Started by mswen
| 6 contributors
updated about 1 month ago
Anyone who's ever worked in or near an office environment knows that buzzwords are the new black. Managers use them to feel powerful; hearing them makes employees want to vomit. They're intented to motivate and make sexy what's really going on: the same old work you've been doing all this time, just wrapped up in nicer paper and, this time, with a ribbon.
Think outside the box.
This, of course, belongs in the Office Lingo Hall of Fame. What’s accurate about this is that office life really is like being in a box. A giant, horrible box that contains much tinier boxes (cubicles).
Anytime by New York roommates come home and talked about their “colleagues” I wanted to throw myself out a window. The word gets under my skin. Just say, “people I work with”...”chick at the office”....”my friend from work?”
Um, what? It took me forever to realize what this meant—“let’s get down to basics”. But tacks are sharp, have nothing to do with anything, and, knowing me, I’d probably step on one.

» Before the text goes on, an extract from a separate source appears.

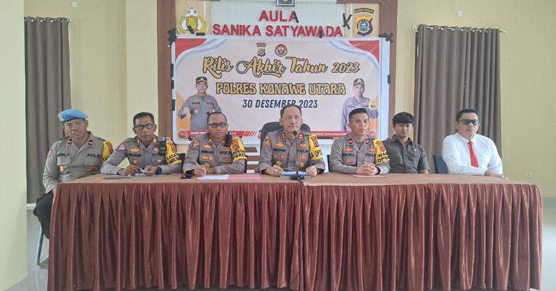 Rilis Akhir Tahun 2023 Polres Konawe utara dihadiri Wakapolres Kompol Urva Lomansyah, S.Si., S.I.K., M.H, Kabag, Kasat Reskrim, Kasat Lantas dan Kasat Narkoba Polres Konawe Utara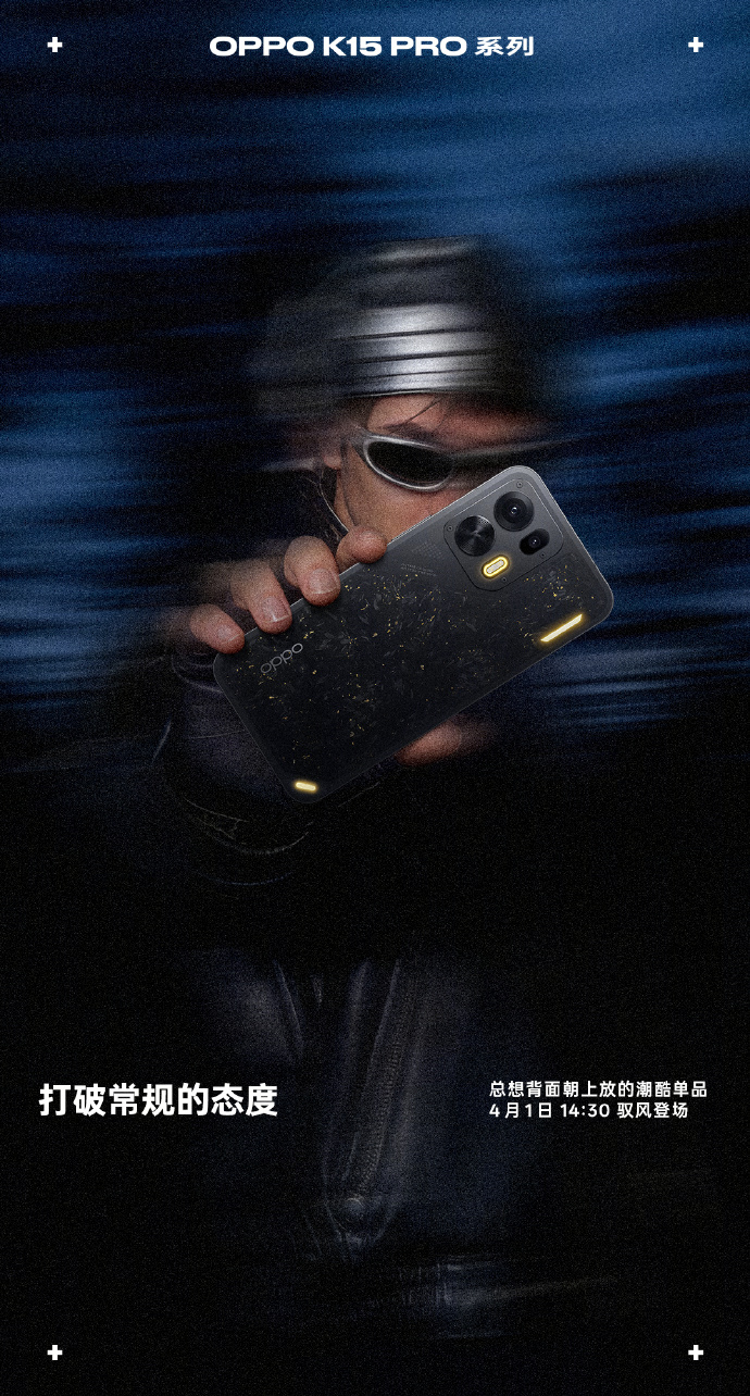 OPPO的K15 Pro系列这次做得是更好看了,很酷很帅的设计,还有粉色。后改上面配了两个灯,然后扬声器好像也是有说法的?海报也都做得很酷新机来了

This is a GREAT idea for a guide. I seriously have waaaaay too many things to contribute. But I have to say that whenever my boss said “meeting time” I totally cringed. There’s nothing worse than having pointless meetings (especially around 1pm so you have to take your lunch break early) that go on for way too long.
When you’re mid-meeting and start getting off topic, but it is still something perceived as worthy, it is often suggested that the discussion be “taken offline,” i.e., shut the hell up and maybe we can talk about this later, otherwise the God awful meeting we are currently in may never end.